Estimating the number of seasonal occurrences of any one of our rare phenomena by a single Poisson is at best questionable as, among other things, the number of games played during a season has varied over time. Everything else being equal, seasons with a greater number of games will tend to produce greater numbers of our rare events. As a refinement to the modeling process just presented, in Section 4 we look at separate models for each of several smaller, more homogeneous eras over the 1901 – 2004 time period.

We calculated the inter-arrival times between successive no-hitters for every season from 1901 through 2004. Using box scores found online at www.retrosheet.org, we verified that each game took place on the date given, then went to the previous day, counted all the wins and losses for all teams, and divided by two. The average inter-arrival time for a no-hitter is 772 games. Similarly, the average inter-arrival times for a cycle and triple play are 720 and 316 games, respectively.

At this point we discuss goodness-of-fit tests for the exponentiality of the data. In Figure 4, we present a comparison of the empirical distribution function (EDF) with the fitted exponential cumulative distribution function (CDF) for no-hit games, using the estimated lambda. Similar EDF versus fitted CDF graphs for cycles and triple plays may, of course, be produced.

Figure 4: EDF vs. Exponential CDF for No-Hit Games.

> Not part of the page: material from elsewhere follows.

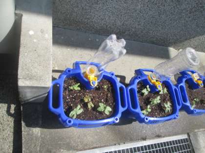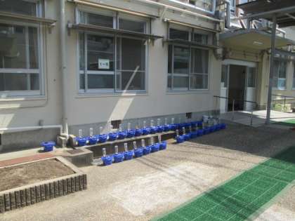 先週,生活科の学習でまいた,あさがおの種から,もう芽が出てきました。かわいい双葉がいくつも顔をのぞかせています。これから暑くなるにつれて,どんどん大きくなっていきます。水やりを忘れないように,しっかりお世話をしましょうね。何色の花が咲くか,楽しみですね。

Graphically, no-hitter inter-arrival times seem to be well modeled by an exponential. We now look at formal statistical
tests of an exponential model. We first consider Pearson’s chi-square statistic. It is easy to understand, but as we will
indicate, it is problematic for testing exponentiality. To illustrate the use of the chi-square statistic, we consider the
no-hitter data. A cell count of those inter-arrival times, as well as what we would expect to see for each cell, is shown
in Table 3 below. Each line in the Table shows the interval for
inter-arrival times in which 20 events occurred. For
example, 20 no-hitters occurred with inter-arrival times (*x*) of
0 *x* < 56. Similar tables could be constructed for cycles and
triple plays.

IAT | Observed (obs) | Expected (exp) | (obs - exp)^{2}/exp | |
---|---|---|---|---|

< | ||||

0 | 56 | 20 | 14.4085 | 2.1699 |

56 | 162 | 20 | 24.5716 | 0.8505 |

162 | 221 | 20 | 12.2843 | 4.8462 |

221 | 328 | 20 | 20.0194 | 0.0000 |

328 | 530 | 20 | 31.0046 | 3.9059 |

530 | 638 | 20 | 13.5348 | 3.0882 |

638 | 820 | 20 | 18.9327 | 0.0602 |

820 | 1132 | 20 | 23.6778 | 0.5713 |

1132 | 1654 | 20 | 23.3695 | 0.4858 |

1654 | 2762 | 20 | 18.4333 | 0.1332 |

2762 | 4029 | 6 | 4.6461 | 0.3945 |

The sum of the last column in Table 3 is about 16.5. The corresponding p-value, on 10 degrees of freedom, is about 0.09 indicating the exponential null hypothesis for no-hitters cannot be rejected at the 0.05 significance level. The chi-square test is based on binned data. Selection of the bin size for data sets is sometimes more of an art than a science. Some choose to select bins of equal width on the horizontal axis. We have chosen to create equi-probable bin sizes instead, as this bin-size method has been shown to be unbiased and more accurate for approximating the null hypothesis (D’Agostino and Stephens, 1986, pg. 69). The basic idea behind the chi-square test is that the observed number of points in each bin should be similar to the expected counts. For goodness-of-fit in general, while the chi-square statistic is easy to understand and implement, it is problematic and suffers low statistical power. It reduces continuous data into discrete cells; thus, we lose the resolution of each inter-arrival time. It is well established that such loss of fidelity makes the chi-square statistic lack power. That is, compared to more powerful tests, this test will accept a false null hypothesis more often.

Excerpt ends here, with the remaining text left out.